Arrêtons-nous déjà sur la couverture que je trouve sublime. Si vous suivez l’instagram du blog vous avez peut-être vu la petite vidéo qui montre ce qu’elle rend avec la lumière et c’est *-*

Il s’agit donc d’un beau bébé de 710 pages, qui pèse le poids d’un bébé troll et qui peut donc effrayer, à première vue. Sauf que l’intrigue est tellement bien menée qu’il suffit de rentrer dedans pour ne plus vouloir en sortir.

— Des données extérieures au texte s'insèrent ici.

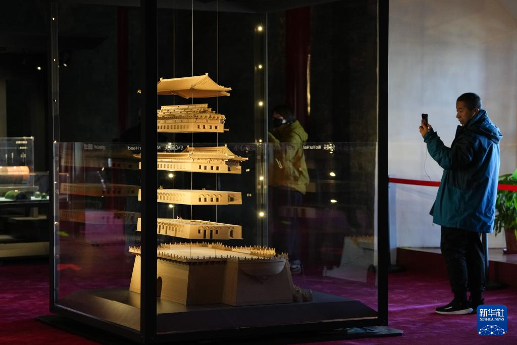 12月26日,參觀者在正陽門箭樓內參觀展出的正陽門箭樓模型。
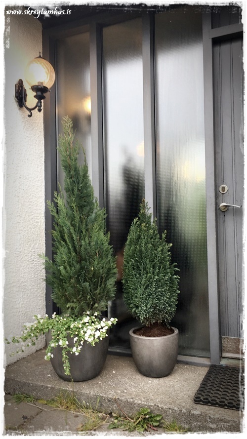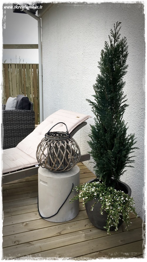 …ég keypti báða Sýprisana í Garðheimum, fannst þeir mjög fallegir. Svo keypti ég mér loks nýja útipotta í Blómaval, en ég hef verið með sömu pottana síðan 2008 og hef nokkrum sinnum spreyjað þá svarta á vorin. Sem er góð leið til þess að fríska upp á útipotta (sjá hér)…

On retrouve les personnages exactement là où on les a laissé dans le tome précédent et beaucoup de rappels sont faits de-ci, de-là pour nous permettre de bien nous remettre les événements en tête. J’avais un peu peur d’être perdue car je ne me souvenais pas de tous les détails mais ces rappels sont bien amenés et bienvenus.

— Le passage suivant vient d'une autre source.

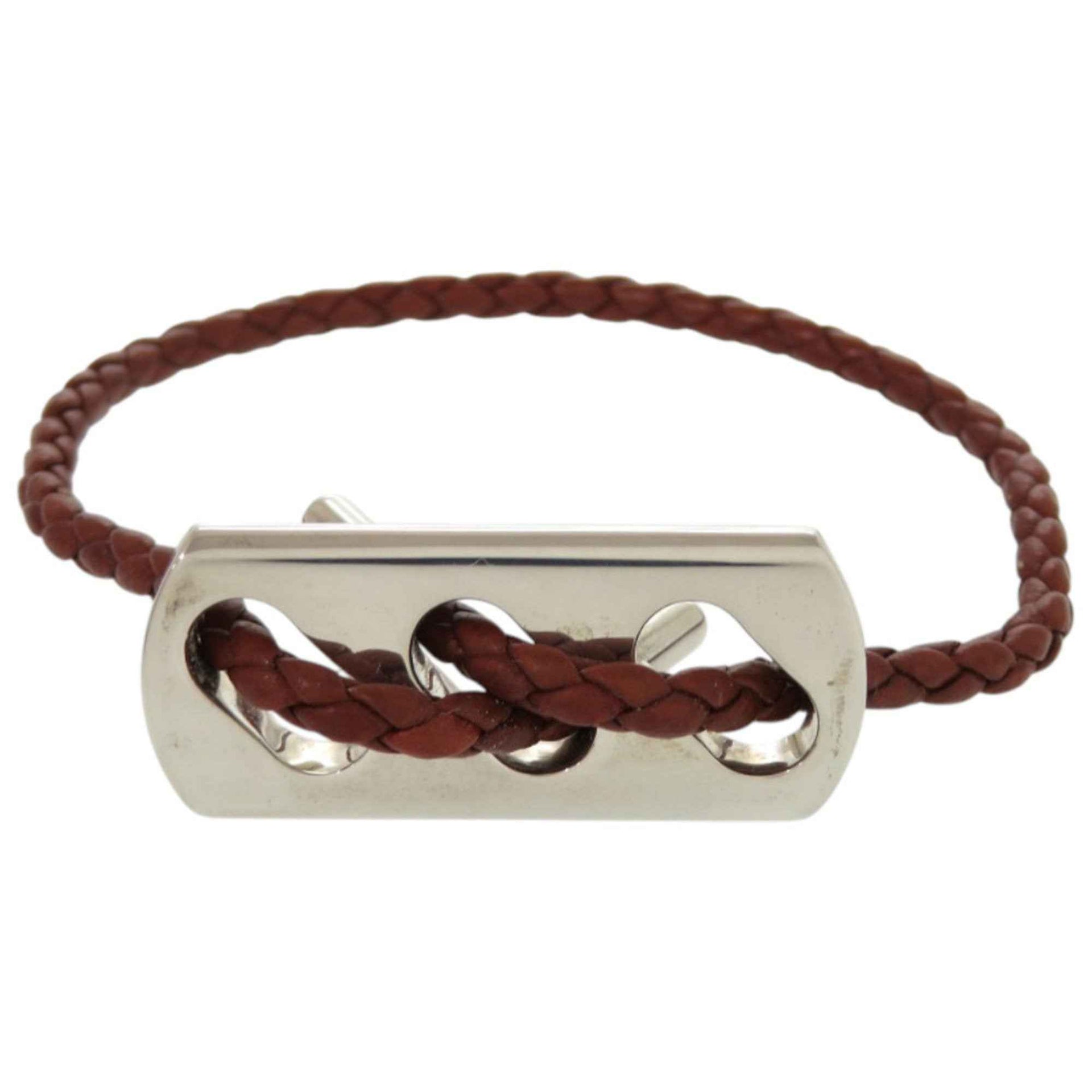 Hermes Leather Bracelet, 925 Sterling Silver, Silver Hardware, Brown, 1126 HERMES
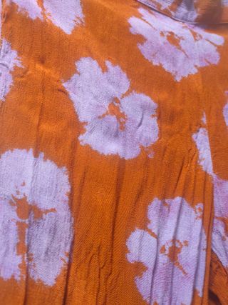 Pantalones largos de Stradivarius con un estampado llamativo. - Diseño con flores en tonos naranja oscuro y lila. - Tejido ligero y con caída. Están nuevos nada más que me los puse y se rompieron de al lado y no me apetece coserlo y ahí los tengo en el cajón son de la temporada de hace dos años y son muy bonitos pero no me lo voy a poner por eso lo vendo barato porque costaron 22,95€

Qu’on suive Harte, Esta, Viola ou Jianyu, chaque personnage à son propre caractère, ses soucis et évolue au fil des chapitres. Toutes leurs histoires en forme finalement une seule et on en découvre peu à peu les ramifications. C’est un roman dense, intense et qui demande finalement une implication du lecteur. On ne peut que s’attacher à ces différents personnages qui se battent pour les causes qu’ils pensent justes. Qui font des erreurs parfois. Qui trichent et qui mentent. Mais qui rêve surtout d’une vie meilleure, qui font tout pour y arriver et pour prendre soin des gens auxquels ils tiennent.

Dans le premier tome, si la magie était interdite est chaleureuse, elle prend ici une autre direction et elle devient plus froide et plus dangereuse. On découvre la vie derrière la barrière et on assiste à cette découverte aux côtés de Harte qui a toujours voulu s’en émanciper. Déjà dans le premier opus, Harte était un personnage que j’appréciais particulièrement. Ce second tome n’a fait que le confirmer. Son côté baratineur se fait là plus torturé et sa vision de la magie est tellement différent de celle d’Esta que les deux points de vue se confrontent et sont compréhensibles.

Je m’arrête aussi sur les détails du décor qui parsèment le texte, notamment sur l’Exposition Universelle de Saint-Louis qui a l’air très documentée. Tout ceci contribue à l’ambiance du roman et nous plonge dans un moment historique parsemé de moments plus fantastiques mais qui s’intègrent parfaitement bien.

Un seul point d’attention : il faut vraiment prendre garde à la date donnée à chaque début de chapitre.

En bref un ouvrage bourré d’action et de réflexions dont j’ai hâte de connaître la suite.